Problem statement = Reproduce the records below exactly, but only between the lines holding "Jedes Zimmer in" and "Junghans 18ct Gold", inclusive.

Records for processing =
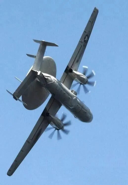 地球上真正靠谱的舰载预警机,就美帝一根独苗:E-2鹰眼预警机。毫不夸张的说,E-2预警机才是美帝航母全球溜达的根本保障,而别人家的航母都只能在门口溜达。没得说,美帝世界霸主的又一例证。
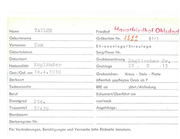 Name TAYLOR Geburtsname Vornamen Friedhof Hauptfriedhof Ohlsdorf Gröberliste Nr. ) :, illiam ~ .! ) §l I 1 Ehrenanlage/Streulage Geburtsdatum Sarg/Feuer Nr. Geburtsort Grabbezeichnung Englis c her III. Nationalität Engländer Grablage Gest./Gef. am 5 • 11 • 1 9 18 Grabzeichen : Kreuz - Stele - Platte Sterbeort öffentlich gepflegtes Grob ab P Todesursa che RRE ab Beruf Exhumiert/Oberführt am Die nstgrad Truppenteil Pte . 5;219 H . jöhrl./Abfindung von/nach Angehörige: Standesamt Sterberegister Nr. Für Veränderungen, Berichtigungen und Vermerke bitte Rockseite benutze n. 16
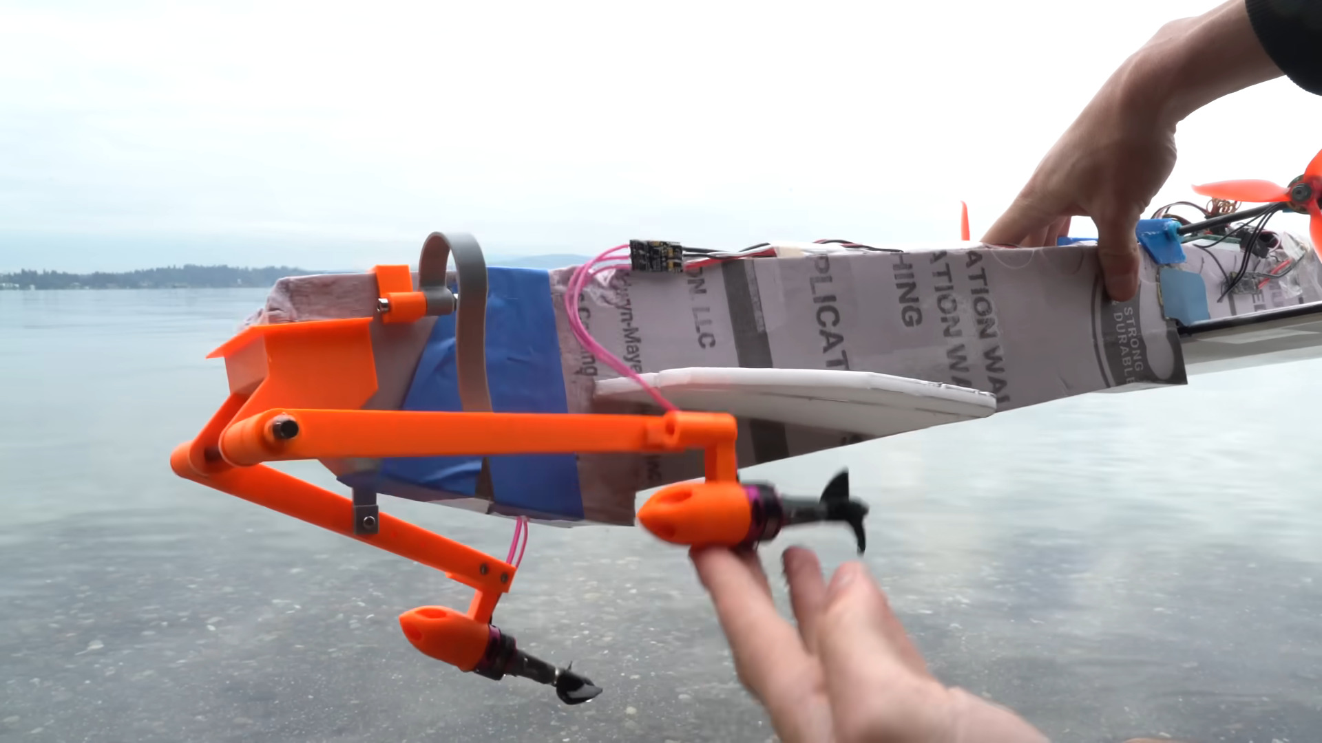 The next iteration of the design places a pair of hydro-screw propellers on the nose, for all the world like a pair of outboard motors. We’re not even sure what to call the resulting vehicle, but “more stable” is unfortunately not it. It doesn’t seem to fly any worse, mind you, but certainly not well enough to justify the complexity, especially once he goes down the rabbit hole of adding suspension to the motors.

---

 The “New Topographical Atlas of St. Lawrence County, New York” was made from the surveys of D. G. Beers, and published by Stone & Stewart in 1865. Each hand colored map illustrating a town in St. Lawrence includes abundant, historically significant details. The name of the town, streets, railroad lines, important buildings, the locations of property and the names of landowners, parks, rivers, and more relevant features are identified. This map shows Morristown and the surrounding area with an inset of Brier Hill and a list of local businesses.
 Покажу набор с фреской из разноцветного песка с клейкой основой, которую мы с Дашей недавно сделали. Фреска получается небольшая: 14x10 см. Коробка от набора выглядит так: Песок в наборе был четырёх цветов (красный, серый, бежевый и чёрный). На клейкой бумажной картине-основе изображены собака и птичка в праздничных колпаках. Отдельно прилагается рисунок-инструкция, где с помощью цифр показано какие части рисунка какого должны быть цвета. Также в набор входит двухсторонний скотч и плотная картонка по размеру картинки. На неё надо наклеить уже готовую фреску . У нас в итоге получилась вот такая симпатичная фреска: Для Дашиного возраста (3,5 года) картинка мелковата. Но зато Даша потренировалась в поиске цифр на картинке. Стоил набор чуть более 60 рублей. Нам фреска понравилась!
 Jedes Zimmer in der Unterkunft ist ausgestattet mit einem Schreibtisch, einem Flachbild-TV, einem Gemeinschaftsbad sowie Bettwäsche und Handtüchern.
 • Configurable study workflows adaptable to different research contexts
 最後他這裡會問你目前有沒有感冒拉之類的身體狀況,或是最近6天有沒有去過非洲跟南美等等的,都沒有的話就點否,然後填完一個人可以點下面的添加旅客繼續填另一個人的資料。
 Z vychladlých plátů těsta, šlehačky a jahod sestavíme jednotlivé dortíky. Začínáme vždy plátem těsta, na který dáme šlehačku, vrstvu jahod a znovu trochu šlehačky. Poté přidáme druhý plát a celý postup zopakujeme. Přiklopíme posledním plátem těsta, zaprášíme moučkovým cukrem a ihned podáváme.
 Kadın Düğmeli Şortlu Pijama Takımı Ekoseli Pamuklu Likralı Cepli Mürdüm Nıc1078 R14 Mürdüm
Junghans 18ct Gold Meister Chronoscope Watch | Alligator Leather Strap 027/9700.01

Solution to this exercise =
 Jedes Zimmer in der Unterkunft ist ausgestattet mit einem Schreibtisch, einem Flachbild-TV, einem Gemeinschaftsbad sowie Bettwäsche und Handtüchern.
 • Configurable study workflows adaptable to different research contexts
 最後他這裡會問你目前有沒有感冒拉之類的身體狀況,或是最近6天有沒有去過非洲跟南美等等的,都沒有的話就點否,然後填完一個人可以點下面的添加旅客繼續填另一個人的資料。
 Z vychladlých plátů těsta, šlehačky a jahod sestavíme jednotlivé dortíky. Začínáme vždy plátem těsta, na který dáme šlehačku, vrstvu jahod a znovu trochu šlehačky. Poté přidáme druhý plát a celý postup zopakujeme. Přiklopíme posledním plátem těsta, zaprášíme moučkovým cukrem a ihned podáváme.
 Kadın Düğmeli Şortlu Pijama Takımı Ekoseli Pamuklu Likralı Cepli Mürdüm Nıc1078 R14 Mürdüm
Junghans 18ct Gold Meister Chronoscope Watch | Alligator Leather Strap 027/9700.01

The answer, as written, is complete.